Bosnian Serbs to Name Streets after Banned Holiday

Mayors in Bosnia’s Serb-dominated Republika Srpska vowed to heed President Milorad Dodik’s call for streets to be named in honour of the January 9 ‘statehood day’ holiday banned by the Constitutional Court.

Mladen Lakic
BIRN
Sarajevo
President Milorad Dodik and guests mark the Day of Republika Srpska in 2016. Photo: RS Presidency.

The mayors of several municipalities in Republika Srpska told BIRN that they intend to follow Milorad Dodik’s call and name streets after January 9, the date on which the Day of Republika Srpska is celebrated - a holiday that was declared unconstitutional by the state Constitutional Court.

Dodik on December 28 asked all mayors of towns and municipalities in the entity to rename streets to mark the occasion.

Despite constant political disagreements between Republika Srpska’s ruling party, Dodik’s Alliance of Independent Social Democrats, and the main opposition parties in the entity, the Serb Democratic Party and the Party of Democratic Progress, politicians from all sides said they supported the idea.

“We will accept this idea and in the coming days, we will start the procedures to name one street after January 9,” Cicko Bjelica, the Serb Democratic Party mayor of the Sokolac municipality in eastern Bosnia, told BIRN.

Banja Luka, the administrative centre of Republika Srpska, already has a small street named after January 9, but the mayor’s office said a more impressive one would be found to rename.

“We will follow this request and find a proper street to be named after this holiday, hopefully very soon,” the mayor’s office told BIRN.

The Day of Republika Srpska has been the subject of bitter dispute in Bosnia and Herzegovina for the past several years.

January 9 is also a Serbian Orthodox religious holiday - the day of St Stephen, who is the patron saint of Republika Srpska - and the state Constitutional Court ruled in 2015 that holding the holiday on January 9 was discriminatory against non-Serbs in the entity.

The annual celebration has also unsettled Bosniaks who see the founding of Republika Srpska on January 9, 1992 as a prelude to the war that broke out soon afterwards.

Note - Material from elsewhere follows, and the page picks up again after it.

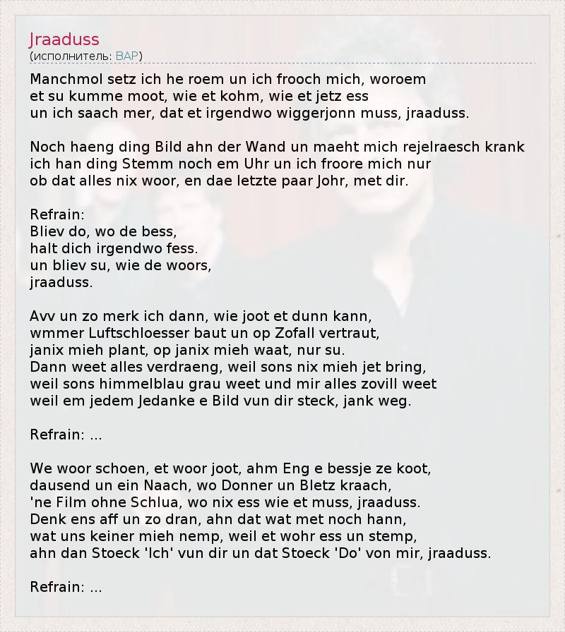 Manchmol setz ich he roem un ich frooch mich, woroem et su kumme moot, wie et kohm, wie et jetz ess un ich saach mer, dat et irgendwo wiggerjonn muss, jraaduss. Noch haeng ding Bild ahn der Wand un maeht mich rejelraesch krank ich han ding Stemm noch em Uhr un ich froore mich nur ob dat alles nix woor, en dae letzte paar Johr, met dir. Refrain: Bliev do, wo de bess, halt dich irgendwo fess. un bliev su, wie de woors, jraaduss. Avv un zo merk ich dann, wie joot et dunn kann, wmmer Luftschloesser baut un op Zofall vertraut, janix mieh plant, op janix mieh waat, nur su. Dann weet alles verdraeng, weil sons nix mieh jet bring, weil sons himmelblau grau weet und mir alles zovill weet weil em jedem Jedanke e Bild vun dir steck, jank weg. Refrain: ... We woor schoen, et woor joot, ahm Eng e bessje ze koot, dausend un ein Naach, wo Donner un Bletz kraach, 'ne Film ohne Schlua, wo nix ess wie et muss, jraaduss. Denk ens aff un zo dran, ahn dat wat met noch hann, wat uns keiner mieh nemp, weil et wohr ess un stemp, ahn dan Stoeck 'Ich' vun dir un dat Stoeck 'Do' von mir, jraaduss. Refrain: ...

Meanwhile the mayor of Bijeljina, Mico Micic, has confirmed that the town square will be named after January 9, as has the mayor of Trebinje, Luka Petrovic.

In the Visegrad municipality in eastern Bosnia, there is already a town square named after January 9.

“I believe that we are the first town in Republika Srpska to have a square named after January 9, so we will not change anything, even though we support this idea,” Mladen Djurdjevic, the mayor of Visegrad, told BIRN.

Municipalities in Prijedor, Zvornik, Teslic, Laktasi and Foca also indicated that they will vote for this proposal.

In Srebrenica, Marko Grujic, the Serb mayor of the town whose Bosniak population was massacred in 1995, did not respond to BIRN’s inquiry by the time of publication.

A conference will be held on January 9 in Srebrenica about the protection of the civil rights of post-war returnees and democratisation in Republika Srpska, organised by the Bosniak former mayor of Srebrenica Camil Durakovic and the Mothers of Srebrenica victims’ rights group. However the organisers declined to comment further for this article.

Dodik has announced meanwhile that there will be a lavish celebration of the Day of Republika Srpska in Banja Luka.